I already answered at the beginning of the branch ...
If you do not understand, then you are - moron


----------



## Selivan

BasicHumanUnit said:


> Why did Selivan get banned?



Because the Moderator does not like it when I write in Russian ...
-----------------
Good...
1. I always write in English.
2. But, if there is a situation where it's impossible to say your idea in English, then I will use Russian ...
================================================== =
Look here:
The English language does not even know what "Russian"

In Russian there are 2 words:
*- Российский*
*- Русский*
They are translated into English as "Russian" (you can check)
But, this is completely wrong... and distorts the whole discussion, then a scandal arises ...
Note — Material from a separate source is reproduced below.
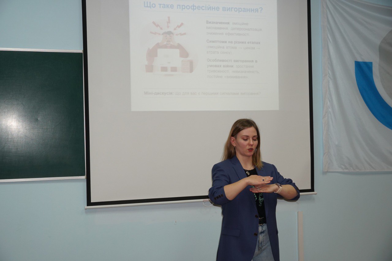 Професійне вигорання в системі професій «людина-людина» є особливо актуальною проблемою під час повномасштабної війни, тому що саме фахівці «допомагаючих» професій мають зараз найбільше напруження – треба бути самому стійким, щоб принести користь іншим. Тому тема, яка була розкрита, викликала велику зацікавленість слухачів. Учасники дізналися як виявити у себе вигорання, де знайти ресурси для виходу з цього стану, на якому етапі вже треба обов’язково звернутися за професійною допомогою і як зрозуміти різницю між вигоранням та депресією чи іншими тяжкими психічними захворюваннями.

*- Российский *-  is a citizen of Russia. In Russia - more than 200 nationalities
*- Русский* -  is just one of 200 nationalities ...

====================================
Besides...
I told you about modern Russia.
If we talk about the USSR, the situation is even more confusing ...
You will be surprised, but foreigners (and Americans) call former citizens of the USSR:
- Lithuanian - is Russian
- Estonian is Russian
- Ukrainian - this is Russian
- a Tajik is a Russian
- and so on...


----------



## Selivan

bear513 said:


> What is so good about the food?



I like to devour ..
When I'm in a mood, I'll create a branch in the "about food" section.
I'll post there a lot of interesting things.
How the Russians cook and what we eat .. You will be surprised


----------



## Wyatt earp

Selivan said:


> bear513 said:
> 
> 
> 
> What is so good about the food?
> 
> 
> 
> 
> I like to devour ..
> When I'm in a mood, I'll create a branch in the "about food" section.
> I'll post there a lot of interesting things.
> How the Russians cook and what we eat .. You will be surprised
Click to expand...



You guys eat crap food my sister in law was a Russian, one time she almost got arrested for trying to hunt ducks at a local park in Chicago.


----------



## Selivan

I can write many similar stories about Americans ...
All of them will be "my very familiar people"


----------